Category Archives: G. K. Chesteron

The Importance of Focusing on the Ideal. A Lesson Learned from G. K. Chesterton’s WHAT’S WRONG WITH THE WORLD

I recently had a conversation with a friend at my cottage about one of the injustices that occurred in our past in Canada and the inevitable question came up: “What do we do about it now?” As various potential answers to this question were proposed, they seemed unsatisfactory. IndeeIdealismd often they seem to propose a new injustice visited on people who were, of course, not alive one hundred or two hundred years ago to redress wrongs in which they had no direct part.

I was just reading G. K. Chesterton’s What’s Wrong with the World at the time, and it struck how illuminating and helpful his work was for enabling me personally sort through this puzzle of separating good solutions from bad ones.

Chesterton made the point that so often when we try to fix what is wrong with the world, we pay insufficient attention to defining what the ideal is or should be (the picture of flower reminds me of an ideal). He uses the metaphor of a medical doctor. If a doctor is to heal a patient, he has to have an accurate notion of what a healthy person looks like. If he just  focuses on defects or things that are wrong, then the remedial action may actually make things worse rather than better for the patient.

To use an extreme example to make a point, a doctor distressed by the lack symmetry in a one legged patient, may decide to restore the symmetry by removing the other leg, rather than enabling some walking capability by providing the patient with a prosthetic.

Similarly for the injustices in our past that face us now, I need to ask “What kind of society do I want to live in? What would make it fair and just? For me, asking this question, removes from consideration many options which simply implement new injustices to make up for old ones.

If you haven’t read Chesterton’s What’s Wrong with the World, I suggest you give it a try. I think it was first published in 1910 (some say 1900 but I think that’s too early since Chesterton first began writing books in 1900) yet it seems prophetic and anticipates so many questions facing us today.

G. K. Chesterton on Paganism

The Everlasting ManI have been reading G. K. Chesterton’s The Everlasting Man. This book, first published in 1925, has much to say to a 21st century reader. For me, the early chapters generated one of those wonderful intellectual events, when on reading Chesterton’s account, a number of disparate puzzles coalesced for me and came together in an ‘ah hah’ moment.
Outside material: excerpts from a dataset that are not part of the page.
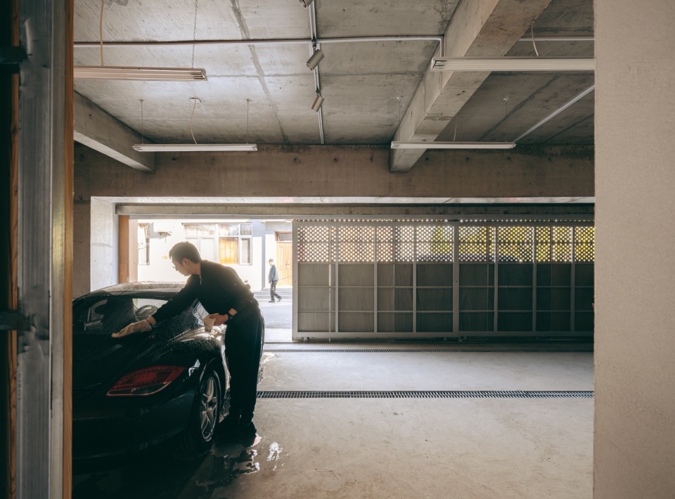 在日常工作之外,房主热衷于车辆机械,需要至少三个车位的车库,这一需求也几乎确定了临主路的一侧必须留给车库功能。于是,三车位车库以平移门的形式面向北侧村路展开,大门可整面打开,既可满足办公等对外空间的出入功能,又以开放的姿态打破乡村街面的封闭惯常。
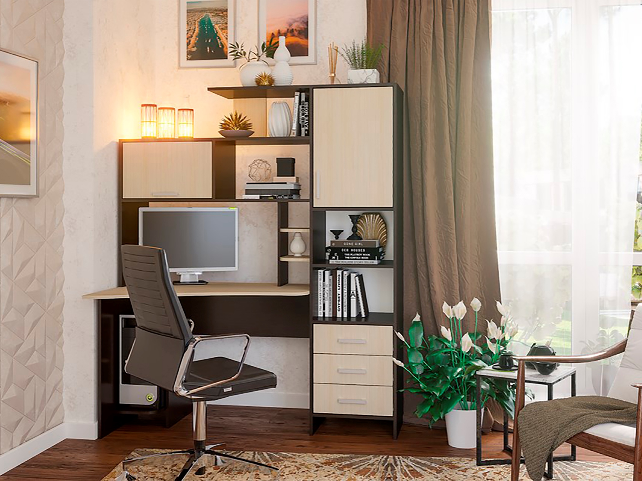 Комплектация включает угловой компьютерный стол Мори МС-16 левый и тумбу Мори МА900.1. Продуманная конструкция позволяет убрать лишние предметы, тем самым сохраняя единый стиль оформления помещения. Отсутствие ручек главное преимущество данной модели. Роль ручек выполняют сами фасады.
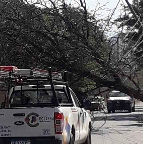 A raíz del intenso viento registrado hoy jueves hubo varios árboles y ramas caídas que provocaron daños en el tendido eléctrico en diversos lugares del departamento.
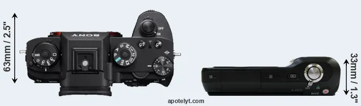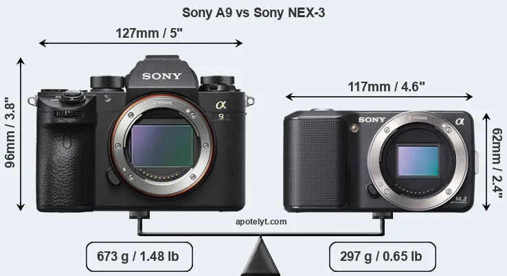 The side-by-side display below illustrates the physical size and weight of the Sony A9 and the Sony NEX-3. The two cameras are presented according to their relative size. Three consecutive views from the front, the top, and the rear side are shown. All width, height and depth dimensions are rounded to the nearest millimeter.

Let me explain. In chapters V-VII, Chesterton describes three strands of paganism which ran side-by-side: mythology with all of its fantastic stories; philosophy, particularly post-Socratic philosophy which has given our civilization so much; and those strands of paganism which worshiped demons and were linked with human sacrifice such as Moloch worshipers in Palestine and the Aztecs in the new world. In one sense these three strands were contradictory. How could philosophically rigorous thinkers participate in rites and observances related to Bacchus? How could peoples who at least believed in objective values, as Lewis calls it, the tao (The Abolition of Man), degenerate into human sacrifice?

Chesterton showed how these strands really represented three attempts to connect with the spiritual. Mythology was an act of the imagination. Philosophy was an act of reason, but the two always remained separate, if parallel, strands of connection to the spiritual Other. The darker strand of demonology and human sacrifice, was more pragmatic than the other two. At some point, reason and imagination were abandoned and people sought for what worked. And so dark powers were invoked, requiring hideous sacrifices, all to a pragmatic end – they’ll give us the power that we want.

Chesterton goes on to point out that synthesis between the philosophical strands and the imaginative yearning for mystical experience were only thoroughly synthesized in the Middle Ages. From my own reading I can see how Thomas Aquinas was able to bring reason, faith, and mystical experience together. Perhaps this is why pagan societies, for all their shortcomings, were often very open to the Gospel. The imagination, reason, along with objective value had prepared them.

One final point. In my last post, I discussed the book Living at the Crossroads. It was interesting to see how in our current age the imaginative strand and the logical strand have parted company again. We have Postmodernism (imaginative strand) and Modernism (logical, data-driven strand) existing side by side. We yearn for the beauty and meaning of Postmodernism and yet fall back to the sterile world of data and logic because in some sense it is more connected with reality and outcomes. We have lost the synthesis.

If you have read The Everlasting Man, I would appreciate hearing what you thought of it.